Hungary`s developement weakens economy

developments in Hungary weaken economy

    Everyone who might have read the news over the last week will have come across many negative articles on recent developments in Hungary and on Hungary’s Prime Minister Victor Orban.

Then at the same time when searching online I still find many positive quotes on Hungary and its economy as well as on Hungary as an industrial location.

 “With their stable, democratic government, developed infrastructure, and highly skilled and motivated workforce, Hungary is an ideal country for software outsourcing.”


    Even though this quote is not very old Hungary’s situation has changed completely.


   Shortly after Hungary joined the European Union in May 2004 their economy started to weaken. When in May 2010 Prime Minister Victor Orban was elected the nation’s economy already was in very bad condition (many argue that this has helped him to win the election). Since then many things have changed. Freedom of media has been restricted and the constitutional amendments are now changed for the 4.time in one year.  Nowadays, the country has to face high public debt and a growing corruption. This definitely is a huge step back in the process of democratization.

“Constitutional Revenge”

    In a recent article “Constitutional Revenge”, puplished in the New York Times, Paul Krugman argues that even though the situation in Hungary seemed really difficult to interpret to the European Union now the relation seemed to have calmed down, the U.S, however, still shows some concern. Moreover, Krugman seems to perceive the recent constitutional change as revenge of the government, as for example many fundamental rights (Which should normally exist in a democracy) were abolished. One of the most shocking new laws: criminalization of homelessness. Also, the author points out Europe’s helplessness. Krugman concludes by stating that he expects Victor Orban to increase his power and he warns of the future:

“Prime Minister Viktor Orbán recognizes no limits on his power.
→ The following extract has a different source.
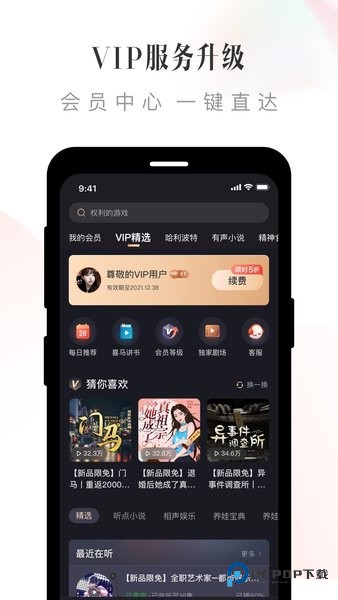 喜马拉雅FM免费版是一款热门的音频内容平台,提供海量免费音乐、有声读物、广播剧等内容。用户可以轻松订阅各种节目,随时随地畅听。界面简洁易用,推荐精准,满足用户不同需求。支持离线下载,方便随时收听喜爱内容。总体而言,喜马拉雅FM免费版为用户带来丰富多样的听觉享受,是一款优秀的音频平台。

When Europe tells him no and when his country’s own Constitutional Court hands him defeats, he waits until Hungary is out of the spotlight, and then he adjusts the constitution to make all those unpleasant restrictions go away.”

    Check out his interesting article!

To conclude, even though Hungary has a very good infrastructure and many well educated people, Hungary is getting less and less interesting for any kind of companies or investors because of the unpredictable political future and therefore the unpredictability of Hungary’s stability.

How do you think is Hungary going to develop? Would you like to invest there and why?